When the --refold_af2ig_filters option is used to do Boltz-2 refolding, combined_scores.tsv includes:

  • boltz_confidence_score and boltz_iptm for the refolded complex
  • boltz_monomer_vs_complex_rmsd_all (the C-alpha RMSD of the binder as an unbound monomer vs the bound form in the refolded complex).

Refolded complexes and binder monomers are in results/boltz_refold/predict/complex and results/boltz_refold/predict/monomer, respectively.

In this mode, the pipeline only calculates the extra BindCraft-style scores for the Boltz-2 refolded complexes, rather than the AF2 initial guess models.

RMSD Comparisons

When Boltz-2 refolding is enabled, several C-alpha RMSD comparisons are calculated and saved to results/boltz_refold/rmsd/:

File Superimpose On Measure Interpretation
rmsd_target_aligned_binder.tsv Target (B) Binder (A) Binding pose deviation after refolding
rmsd_complex_vs_af2ig.tsv Both (A,B) Both (A,B) Overall structural agreement between AF2IG and Boltz
rmsd_monomer_vs_af2ig.tsv Binder (A) Binder (A) Binder folding change between bound/unbound (monomer vs AF2IG complex)
rmsd_monomer_vs_complex.tsv Binder (A) Binder (A) Binder folding change between bound/unbound (monomer vs Boltz complex)

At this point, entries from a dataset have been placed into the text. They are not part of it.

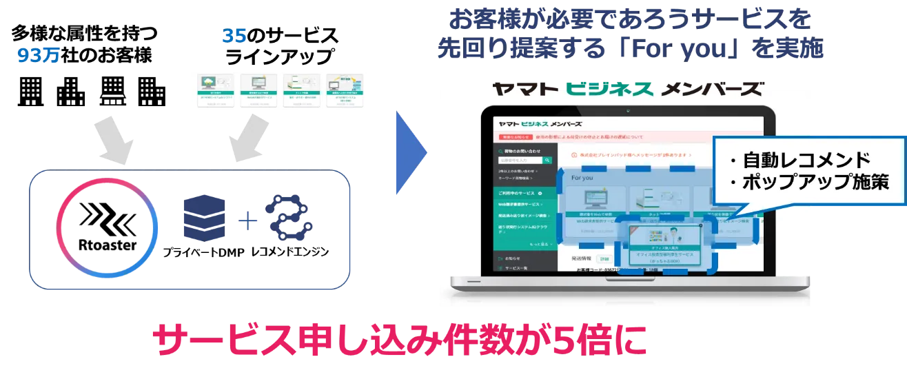 そこで、「Rtoaster」を活用し、お客様がヤマトビジネスメンバーズにログインすると、お客様の属性や利用履歴に応じて最適なサービスが表示され、お客様がより必要であろうサービスはポップアップでも提案されるようにしました。これらの施策により、サービス申込み件数が5倍となる大きな成果を実現しています。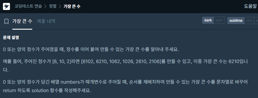 앞수 a 뒷수 b를 합쳤을때 더 큰수를 앞으로 "정렬"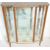 A retro mid 20th Century 1950's formica breakfront china display cabinet vitrine. Raised on tapering stub legs having glass shelves set within.
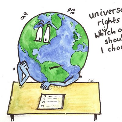 Rights: Is it right to use an embryo for life-saving research? Can the free market really ensure rights for all? If you need to, should you bribe someone to get your driver’s licence? We feel entitled to many rights, and exercise them daily, but what cornerstone are they built on? As people in the Arab world fight for their rights, we debate on what grounds we are owed anything by anyone. This week’s Forum guests are India’s chief economic advisor, Kaushik Basu; British philosopher Mary Warnock; and cutting-edge stem cell biologist Tilo Kunath. Illustration by Charlotte Kingston: the world puzzles over which rights to write.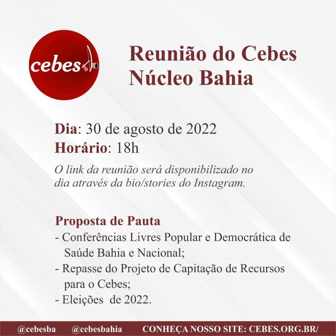 ago 29 2022 Núcleo Bahia do Cebes convida para debate Conferência Livre, Eleições e projetos para a entidade
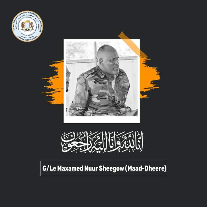 Guddoomiyaha Golaha Shacabka ee BJFS ahna Ku-simaha Madaxweynaha Jamhuuriyadda Mudane Sheekh Aadan Maxamed Nuur Madoobe ayaa ka tacsiyadeeyey geerida Gaashaanle Maxamed Nuur Sheegow (Maad Dheere) oo ahaa Taliyihii Guutada 8-aad qeybta 60-aad ee Ciidanka Xoogga Dalka Soomaaliyeed Iyo saraakiil kale oo ku shahiiday qarax miino oo khawaarijtu ugu maleegtay inta u dhaxeysa degmooyinka Awdiinle Iyo Berdaale ee Dowlad Goboleedka Koonfur Galbeed.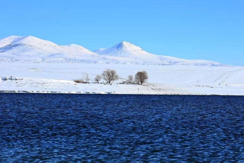 İç Anadolu’nun plajı olarak bilinen Savcılı Plajı’nın minyatürü haline gelen Kurutlu Sahili, karla beraber kartpostallık görüntüler oluşturdu.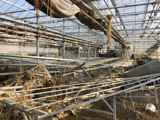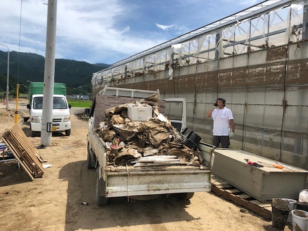 氾濫した肱川の濁流にのみ込まれ、3m80cmの高さまで浸水し、周囲のフィルムや機械設備などが全てダメになってしまいましたが、骨格と屋根部分だけは無事だったのでこれを修復し、早く収入を得る事ができるよう、ミニトマトを生産する施設として再生する事にしました。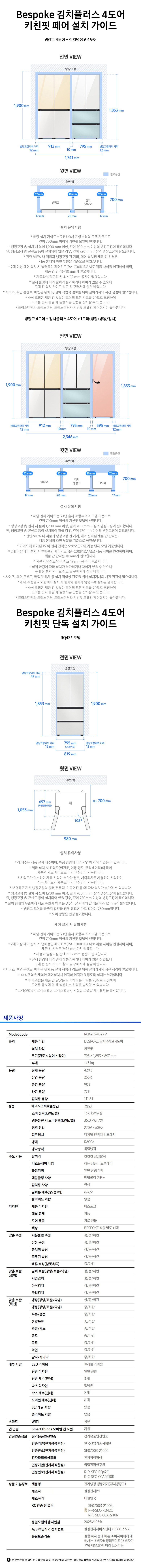 | 품명 및 모델명 | 전기냉장·냉동기기 / RQ42C94G2AP | KC 인증정보 | 본품 : SE07003-21005J, R-R-SEC-RQ42C / 무선기기 : R-C-SEC-CCAR210R |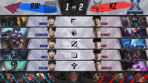 13分钟Falwless遭遇KZ多人包夹,PraY上前接上伤害拿下一血;前期RW由于下路被推线导致野区被Peanut掌控,而RW突然于11分钟组织了一波四人越塔将KZ下路双人组击杀,双方在一血塔的竞争中由KZ占先率先推掉中路一塔并控下土龙,而RW作为交换斩获峡谷先锋,双方至此陷入僵持,20分钟经济基本持平;中期双方持续交火却并未有一名取得决定性优势,直到32分钟双方为争夺土龙爆发终级团战,Doinb绕后进场完全冲乱KZ阵型,Smlz死歌唱出大招将KZ双C全部击杀,RW打出0换3大获全胜,从下路长驱直入一波终结了比赛。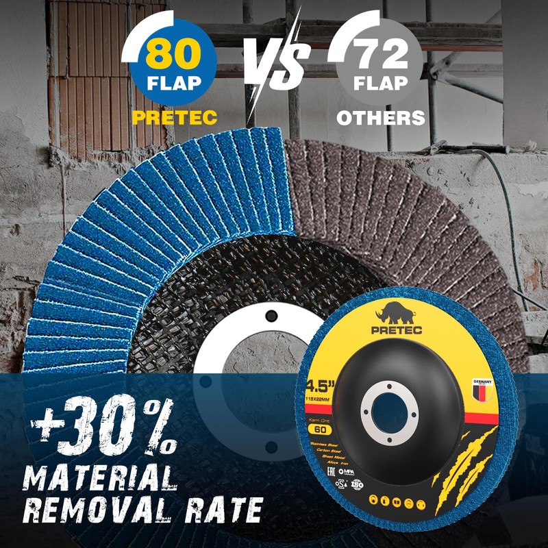 - ✨【Premium Material】PRETEC flap sanding discs are crafted from high-density premium zirconia abrasive, ensuring strength, durability, and extended disc life. They are designed to withstand high temperatures and pressure for optimal performance.

Each file contains rmsd_pruned (aligned core residues only) and rmsd_all (all residues) values.

Key metrics for assessing binder quality:

  • rmsd_target_aligned_binder.tsvrmsd_all: Low values (<~3.5 Å?) indicate the binder maintains its binding pose relative to the target after Boltz refolding. High values indicate the binder is in a different binding site or pose in the Boltz-2 refolded prediction, relative to the initial AF2 initial guess. This value is included in the combined_scores.tsv file as boltz_target_aligned_binder_rmsd_all.

  • rmsd_monomer_vs_complex.tsvrmsd_all: Indicative of possible binder conformational changes upon binding. Low values (<~3.5 Å?) mean the binder structure is similar whether predicted alone or in complex - a good sign for a stable, foldable binder. This value is included in the combined_scores.tsv file as boltz_monomer_vs_complex_rmsd_all.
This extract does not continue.